The only element out of time in each movie is the camera crew, interviewing participants and shooting as events progress. From the way the interviews play out, it really looks like the people participating in the enactment are in fact larping.
Both are also good movies. The Battle of Culloden is one of the most savagely anti-war films I have ever seen, with unrelenting focus on the miseries that followed medieval warfare. La Commune (Paris, 1871) is 345 minutes long, but the duration pays off in its depiction of life in the Commune.
There’s a good documentary about the making of La Commune (Paris, 1871) called The Universal Clock: The Resistance of Peter Watkins.

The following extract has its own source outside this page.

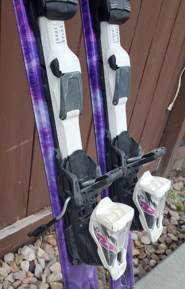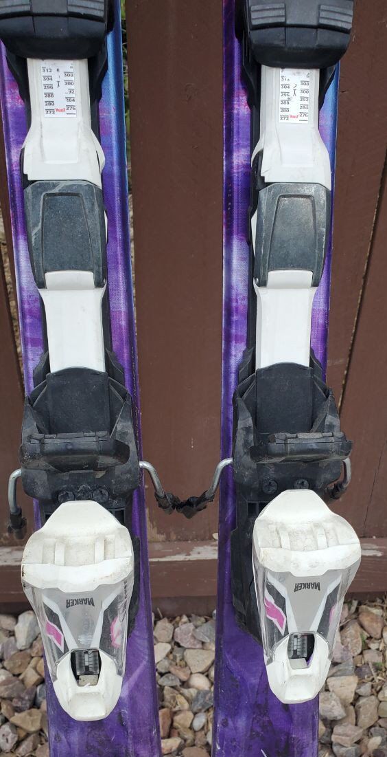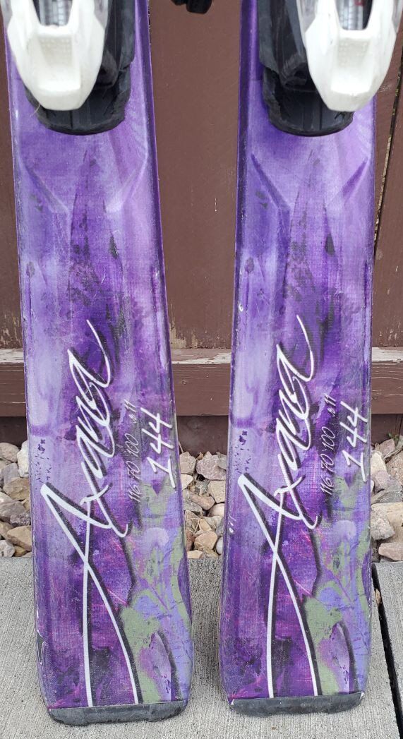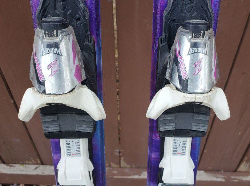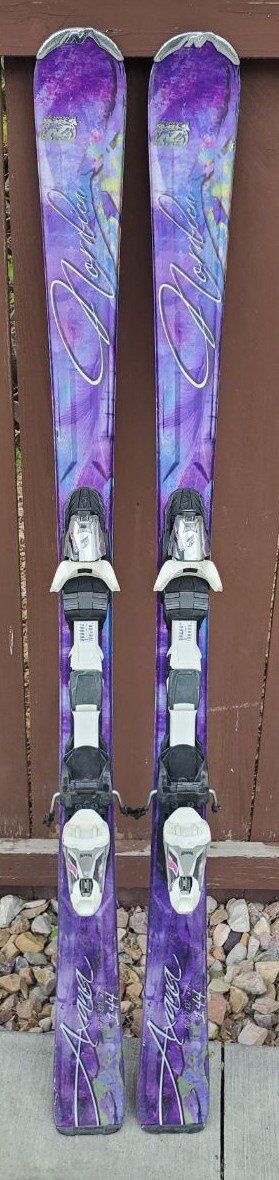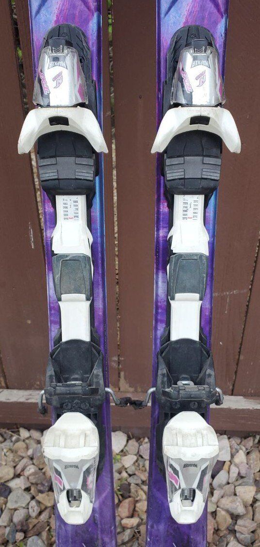 VenmoAwesome Women's/Girls Nordica Axana 144 cm Downhill Skis. Comes with adjustable to your boot size Marker Bindings. Dimensions: 116/70/100 mm. Turning radius 11 m. One of the skis on the bottoms will need to be filled before using the skis this season. (see pictures in the listing). Great skis to use this ski season!

(La Commune (Paris, 1871))
The third movie, Gladiatorerna, is a scifi mockumentary set in a fictional future where the great powers of the world have stopped waging war and have instead started organizing games in which teams of combat specialists take on each other.
The way the setup is depicted is very interesting, and there’s a lot of attention being paid to how the whole thing works. We see the game master rooms, how enviromental hazards are activated, and the decisions that go into setting up each game.
(Gladiatorerna)
The movie would be a solid basis for anything from a milsim to a fullscale larp. Its ideas develop admirably, and its interesting to see its characters both go along with the game, and rebel against it.